**** Material to process

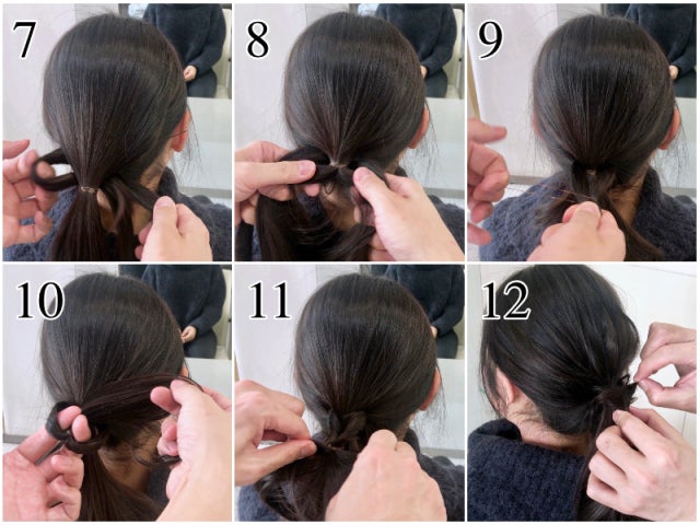 ⑦⑧ 両サイドの髪の毛を通したら、ゴムを根元によせます。
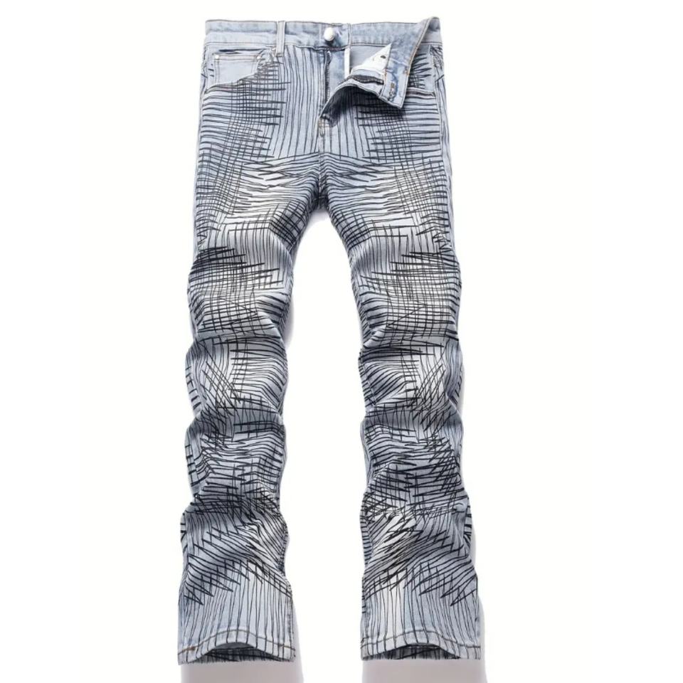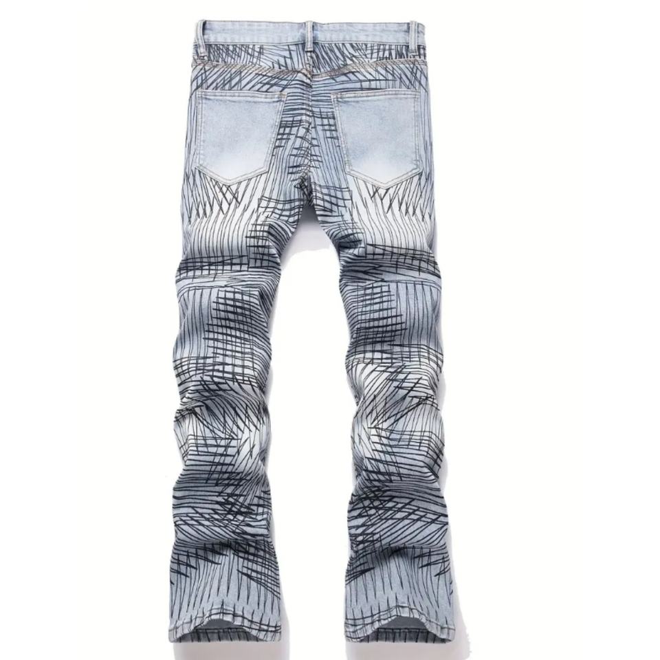 กางเกงยีนส์ทรงบานฟอกสีสไตล์สตรีทฮิปฮอป พร้อมลายพิมพ์ Chaos และงานปักสไตล์ไฮสตรีท เหมาะสำหรับลุคฮิปฮอปสตรีท
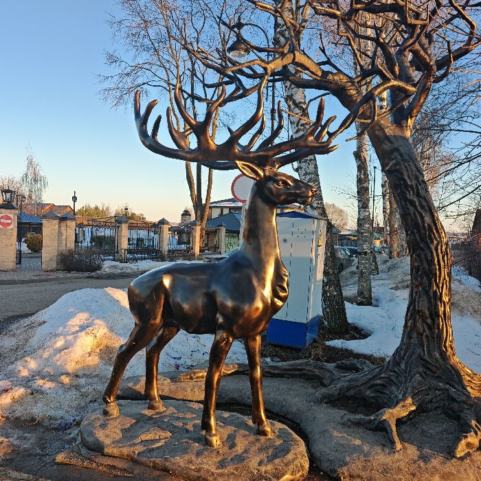- "The image displays a bronze statue of a male deer (stag) with a full rack of antlers, standing prominently on a textured, rock-like base in an outdoor setting in Rostov Veliky, Russia" by FM-cLarj2, licensed under CC BY 4.0
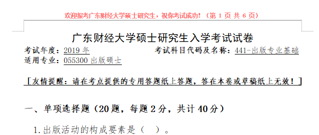 考研学习中,专业课占的分值较大。报考院校专业的考研专业课真题是专业课复习中必不可少的资料。聚创广东财经大学考研小编为大家整理了2019年广东财经大学441出版专业基础考研真题(完整版),并且可以提供广东财经大学考研专业课辅导,希望更多考生能够在专业课上赢得高分,升入理想的院校。
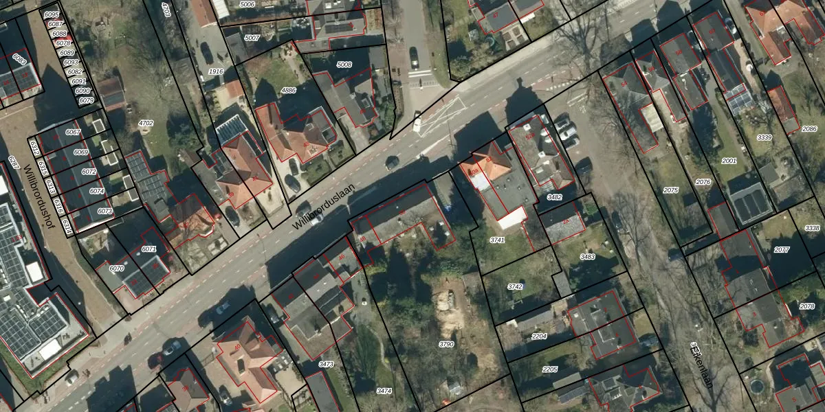Het perceel waarop Willibrorduslaan 50 staat heeft een oppervlakte van 1355 m². Dit is een zeer groot perceel. De perceeloppervlakte wordt geregistreerd door het Kadaster. Gedetailleerde informatie over de maten van dit perceel kunt u vinden in het rapport Kadastrale kaart met maatvoering van Willibrorduslaan 50.
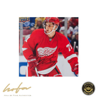 Upper Deck’s Young Guns series of trading cards debuted in 1990-91 Upper Deck Hockey. Since then, the series has undergone changes while steadily rising in popularity among trading card collectors. Now, it maintains a reputation as one of the hobby’s best rookie cards. To honor this popular and evolving card set, Upper Deck Authenticated has produced an oversized print matching the dimensions to scale for Detroit Red Wings center Dylan Larkin’s card while including a hard-signed autograph. This piece is five times the size of a regular trading card, measuring 12.5” x 17.5” and mimicking the exact image and design in Larkin’s Young Guns trading card. This blowup has the look of the original trading card with the added feature of the signature of one of the NHL’s hottest young skaters. It is printed on one side only for ideal framing. Larkin has signed this Young Guns 12.5” x 17.5” card in black paint pen. His signature is deemed authentic by virtue of Upper Deck Authenticated’s Five Step Process.
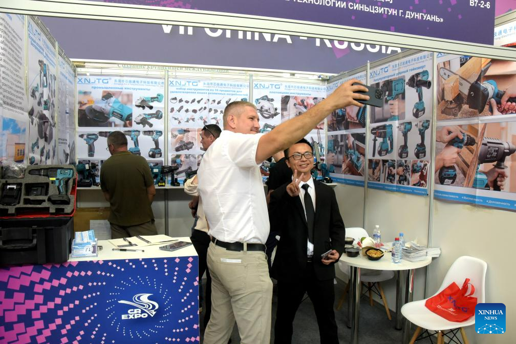 A visitor poses for a photo with a Chinese exhibitor at the 7th China-Russia Expo in Yekaterinburg, Russia, July 11, 2023. The 7th China-Russia Expo will last till July 13. (Xinhua/Huang He)
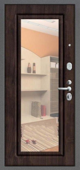 Каркас из профильной трубы и стальной лист толщиной 2 мм обеспечивают прочность конструкции и устойчивость к взлому, а два контура уплотнителей защищают помещение от сквозняков и уличного шума. Входная дверь в квартиру с зеркалом №10 выделяется сочетанием практичного молоткового напыления снаружи и аккуратной плиты МДФ внутри. Такое покрытие не боится механических повреждений и перепадов температуры, долго сохраняя первоначальный вид. Зеркало на внутренней стороне делает прихожую светлее и визуально просторнее, заменяя полноценное настенное. Дополнительные блокираторы и система ребер жёсткости усиливают надежность. Возможность изготовления в любых размерах позволяет адаптировать модель под особенности квартиры, офиса или частного дома, сохранив баланс между эстетикой и безопасностью. Входная дверь в квартиру с зеркалом №10 от производителя: быстрое изготовление и монтаж в Звенигороде, индивидуальные размеры, широкий выбор материалов и фурнитуры, официальная гарантия до 10 лет.
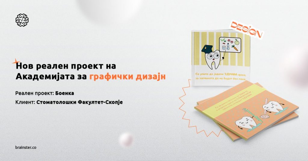 Главната задача на студентите од Академијата за графички дизајн беше креирање на боенка која е наменета за деца од предучилишна и училишна возраст, како дел од кампањата на Стоматолошки факултет, со цел запознавање со важноста на оралното здравје кај оваа таргет група. Освен боенката, студентите креираа и постер дизајни кои ќе се користат на социјалните медиуми и низ самите училишта.
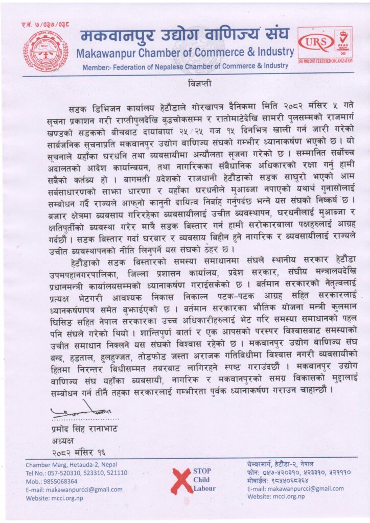MCCI is committed to the promotion of commerce and industry in the region as well as the overall economic development of the country. MCCI has made significant contributions to trade and Industry in Makawanpur.

********

Work instructions:
Up to and including the line containing "under CC BY 4.0", quote each line of the entries above from the very first, please, exactly and without images.

Problem solution:
 ⑦⑧ 両サイドの髪の毛を通したら、ゴムを根元によせます。
 กางเกงยีนส์ทรงบานฟอกสีสไตล์สตรีทฮิปฮอป พร้อมลายพิมพ์ Chaos และงานปักสไตล์ไฮสตรีท เหมาะสำหรับลุคฮิปฮอปสตรีท
- "The image displays a bronze statue of a male deer (stag) with a full rack of antlers, standing prominently on a textured, rock-like base in an outdoor setting in Rostov Veliky, Russia" by FM-cLarj2, licensed under CC BY 4.0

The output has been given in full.